In the past five years, two shocking murders of Indigenous people took place in the state of Santa Catarina. First, two-year-old baby Vitor Kaingang was beheaded while breastfeeding in his mother’s lap, in January 2016. Then Xokleng professor, Marcondes Namblá, was beaten to death in January 2018.

Namblá was killed when selling ice cream during the summer vacation. Besides teaching, he was the judge of the Laklãnõ Territory. He was a crucial figure in the community, who contributed to understanding land rights and demanding demarcation. Namblá used to monitor the logging and tobacco companies in the region.

A tobacco plantation in the Xokleng territory. Photo by Clara Comandolli.

While the politically and economically powerful agribusiness industry have dedicated resources to the case, Xokleng people are now struggling to meet their basic needs during the coronavirus pandemic. Many people lack basic prevention items such as masks or hand sanitizer.

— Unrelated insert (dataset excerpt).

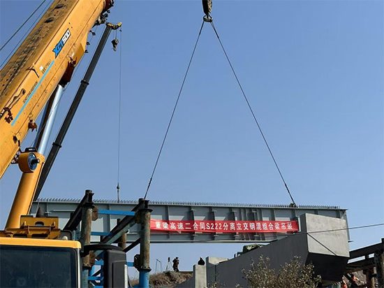 董梁項(xiàng)目S222分離立交首片鋼混組合梁吊裝完成

Ana Patté says her mother has been sewing face masks for those in need. The community is also taking turns day and night in the sanitary barriers set up on the edges of the Indigenous hamlets, which have blocked circulation since March.

There are no coronavirus cases in the Xokleng population, but the first case was confirmed in a nearby city in late May. The Xokleng re-enforced social isolation measures in their territory and only urgent services are authorized to enter, health care vehicles and the employees responsible for water supply. “We are having a serious problem of lack of water. It hasn’t rained for months. It is a change in the climate,” explains Patté.

While the Xokleng wait for the day the court case will be decided, they survive the present crisis, together.

In the absence of state help, Patté says, “We count on the collaboration of the community.”